Solved: Purging the DFM Database

kofchur · ‎2011-10-07

I have a customer that has been experiencing alot performance problems with reporting with his Operations Manager server (4.0.2). After doing some investigating, I came across this in tr-3440, OnCommand 5.0 Sizing Guide:

<<When the difference between the following commands are more than 2x then contact NGS to prune your db for improving the responce times.

<<dfm volume list -a and the volume list is 3x or more

<<dfm qtree list -a and qtree list is 2x or more

<<dfm lun list -a and lun list is 2x or more

<<dfm host list -a and host list is 2x or more

Going by the 4.0 Sizing Guide (the older tr-3440) it says that the max number of volumes and qtree for a setup with DFM, ProtMgr, and ProvMgr is 1650 volumes and 5800 qtrees. This customer of mine also has Performance Advisor running and the out put of the above commands is 85k+ for volumes (51x over limit) and 48k+ for qtrees (8x over limit)! So, it appears that the experienced performance problems, to at least some extent, are due to the massive ammounts of historical data lingering around and thus should be purged.

Now, I know of all the warnings about purging a filer object and that purging a filer object will also purge every record that it owns and hence could take a long time and you would be better off just installing the database. However, since I'm not intending to purge the filer object but just volumes and qtrees, what would be the impact of this? Will it take a long time and/or will it impact performance?

Also, if reinstalling the database would be the fastest and best way, is there a way to export the ProtMgr configs and reimport them back into the newly installed database? Otherwise we would have to document all the datasets and manually reconfigure them (yuck!).

Thanks for any input!

todd

adaikkap · ‎2011-10-08

The number you are talking about 1650 & 5800 volumes and qtrees respectively is for a DFM with all license enabled(ie Ops-Mgr, Perf Advisor,Prot Mgr and Prov Mgr) which is just 40 nodes.

But the number is 10K and 50K volumes and qtrees for a just a DFM server doing only OM + PA with 250 node.

If your difference between dfm volume list and dfm volume list -a is more than 3X and similarly for others, then its time you purge you data of those deleted instances from the DB.

As anyways you wont be able to access them unless you guys uses the -a options in the cli. It makes perfect sense to run the db pruning.

You should also thing about moving to OnCommand 5.0 which is a 65 bit architecture and takes advantage of the available compute and memory.

Pls do open a NGS case and get your db cleaned and perf data too, after that you will definitely feel the difference. BTW do you have lot of snapmanagers in your environment ?

If thats the case its the flexclone volumes/luns that is the cause for lot of these deleted instance.

Regards

adai

View solution in original post

adaikkap · ‎2011-10-08

The number you are talking about 1650 & 5800 volumes and qtrees respectively is for a DFM with all license enabled(ie Ops-Mgr, Perf Advisor,Prot Mgr and Prov Mgr) which is just 40 nodes.
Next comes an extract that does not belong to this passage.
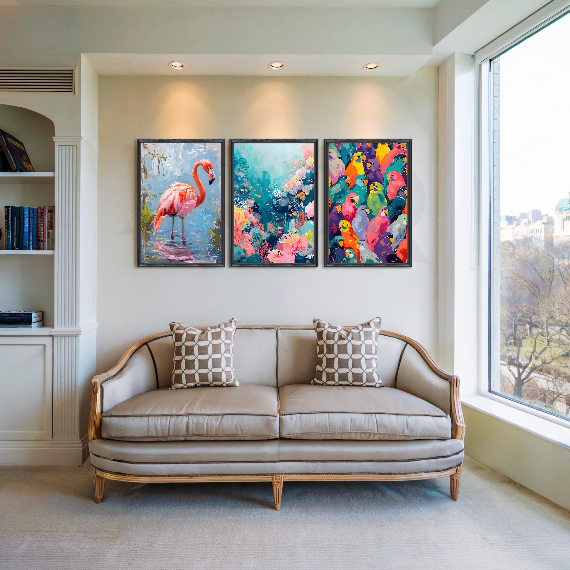 Anciq ‘Tropical Birds & Bloom’ Gallery Wall fills your space with flamingos, reef-like florals, and a flock of colourful parrots. Perfect for living rooms, kids’ rooms, balconies, or holiday homes, this 3-piece set brings playful vacation vibes indoors. Ideal for tropical wall art, colourful gallery wall décor, and nature-inspired interiors.
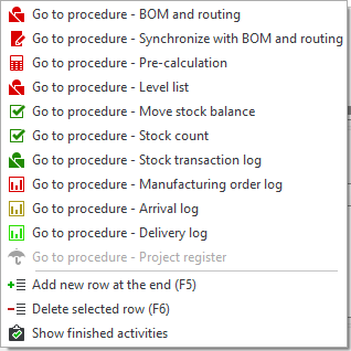 In Monitor ERP there is a context menu which you open by right-clicking.

But the number is 10K and 50K volumes and qtrees for a just a DFM server doing only OM + PA with 250 node.

If your difference between dfm volume list and dfm volume list -a is more than 3X and similarly for others, then its time you purge you data of those deleted instances from the DB.

As anyways you wont be able to access them unless you guys uses the -a options in the cli. It makes perfect sense to run the db pruning.

You should also thing about moving to OnCommand 5.0 which is a 65 bit architecture and takes advantage of the available compute and memory.

Pls do open a NGS case and get your db cleaned and perf data too, after that you will definitely feel the difference. BTW do you have lot of snapmanagers in your environment ?

If thats the case its the flexclone volumes/luns that is the cause for lot of these deleted instance.

Regards

adai

mark_schuren · ‎2011-11-21

I have the same problem with OC 5.0 (upgraded over time from several previous DFM versions).

My deleted object count is also very high - yes it's Snapmanagers and their temporary vol clones / lun clones that fills up the database.

Is there an official way to prune the DB from deleted objects?

Something like "DELETE FROM volumes WHERE Deleted = Yes" ?

I'd like to prune the DB of our own lab DFM - not a production customer environment...

hadrian · ‎2011-11-29

The official way to prune the DB from deleted objects is to open a support case with NetApp Global Support.

I've been researching it for days now to see if there is any way to avoid opening the case, but there isn't =).

Hope this helps,

Hadrian

brothanb1 · ‎2011-12-01

I also would like an official way to prune the database without having to open a support case.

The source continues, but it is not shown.